━━━━━ Exercise input ━━━━━
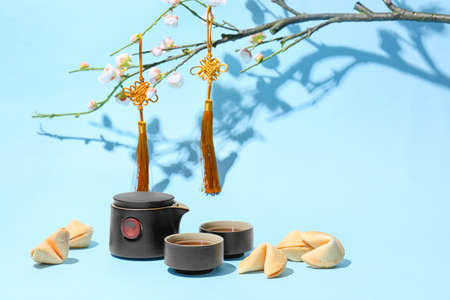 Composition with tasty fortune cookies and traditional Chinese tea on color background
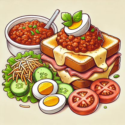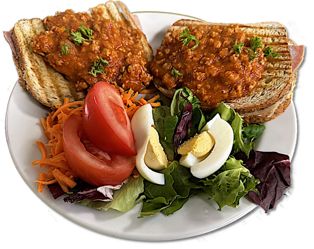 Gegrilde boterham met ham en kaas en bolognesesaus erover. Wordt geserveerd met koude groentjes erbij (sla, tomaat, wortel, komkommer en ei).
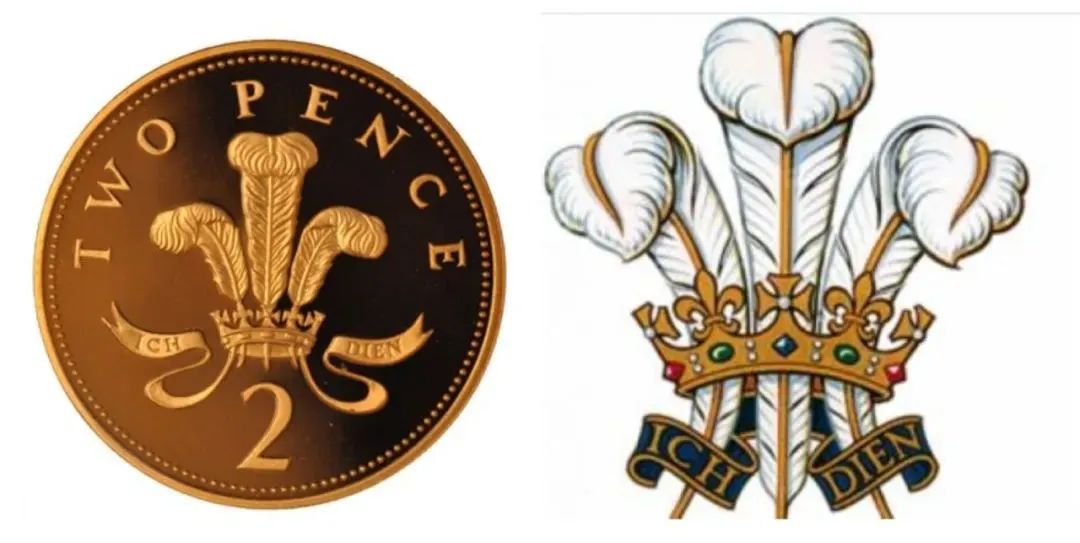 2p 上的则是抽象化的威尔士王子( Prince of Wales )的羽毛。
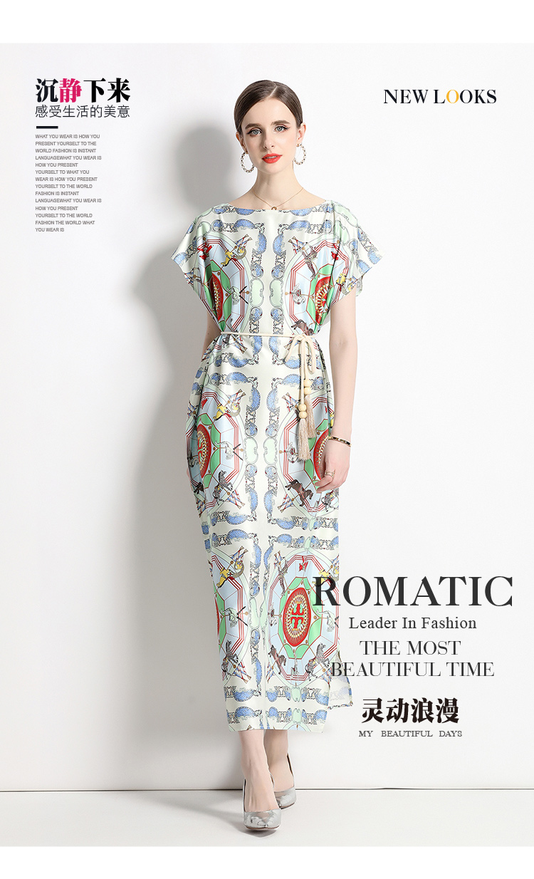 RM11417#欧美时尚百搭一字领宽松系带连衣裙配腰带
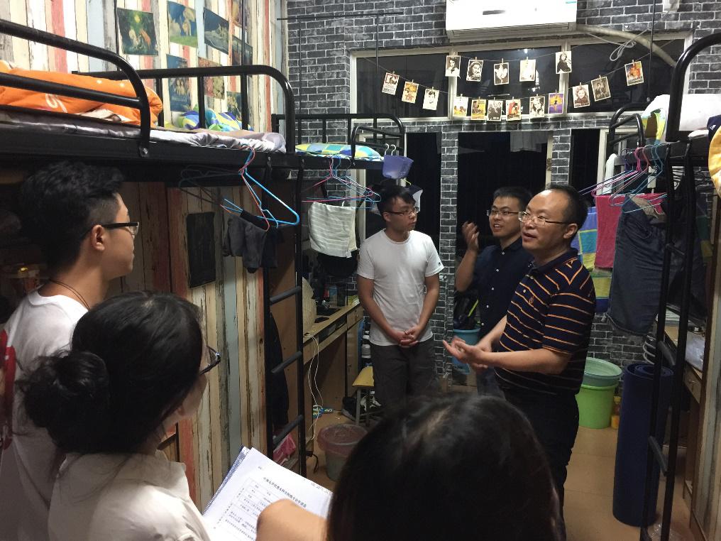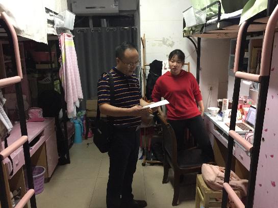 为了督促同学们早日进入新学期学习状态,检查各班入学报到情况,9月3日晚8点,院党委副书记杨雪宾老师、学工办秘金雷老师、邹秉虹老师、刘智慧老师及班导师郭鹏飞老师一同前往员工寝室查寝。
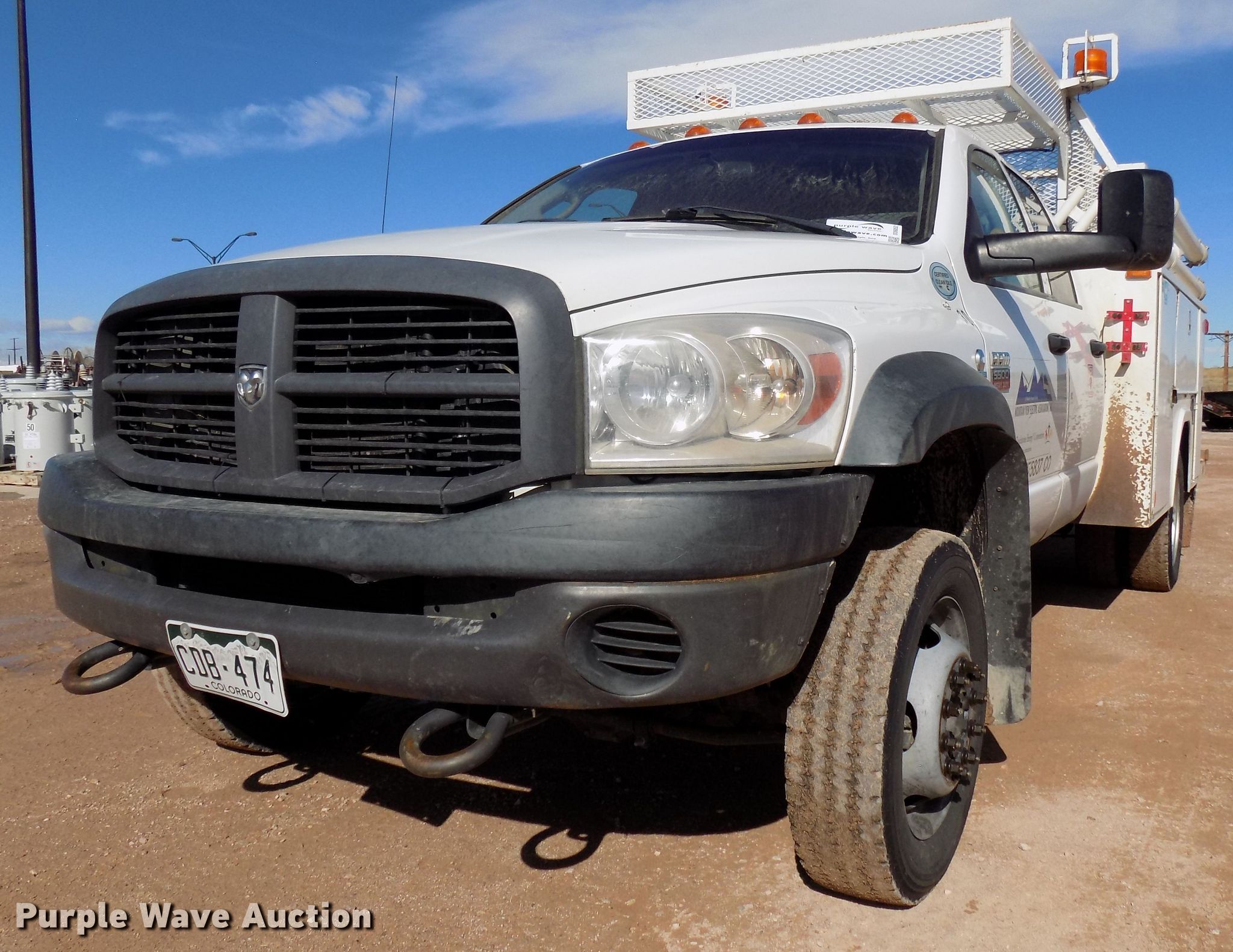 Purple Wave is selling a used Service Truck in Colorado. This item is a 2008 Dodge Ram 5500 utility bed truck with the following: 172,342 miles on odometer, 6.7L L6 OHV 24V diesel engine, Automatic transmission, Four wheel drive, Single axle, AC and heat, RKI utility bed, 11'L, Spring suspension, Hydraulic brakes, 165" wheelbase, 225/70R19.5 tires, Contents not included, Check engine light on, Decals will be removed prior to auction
━━━━━
#### The problem:
Leave out the pictures and repeat the remaining data exactly.

#### Reply:
 Composition with tasty fortune cookies and traditional Chinese tea on color background
 Gegrilde boterham met ham en kaas en bolognesesaus erover. Wordt geserveerd met koude groentjes erbij (sla, tomaat, wortel, komkommer en ei).
 2p 上的则是抽象化的威尔士王子( Prince of Wales )的羽毛。
 RM11417#欧美时尚百搭一字领宽松系带连衣裙配腰带
 为了督促同学们早日进入新学期学习状态,检查各班入学报到情况,9月3日晚8点,院党委副书记杨雪宾老师、学工办秘金雷老师、邹秉虹老师、刘智慧老师及班导师郭鹏飞老师一同前往员工寝室查寝。
 Purple Wave is selling a used Service Truck in Colorado. This item is a 2008 Dodge Ram 5500 utility bed truck with the following: 172,342 miles on odometer, 6.7L L6 OHV 24V diesel engine, Automatic transmission, Four wheel drive, Single axle, AC and heat, RKI utility bed, 11'L, Spring suspension, Hydraulic brakes, 165" wheelbase, 225/70R19.5 tires, Contents not included, Check engine light on, Decals will be removed prior to auction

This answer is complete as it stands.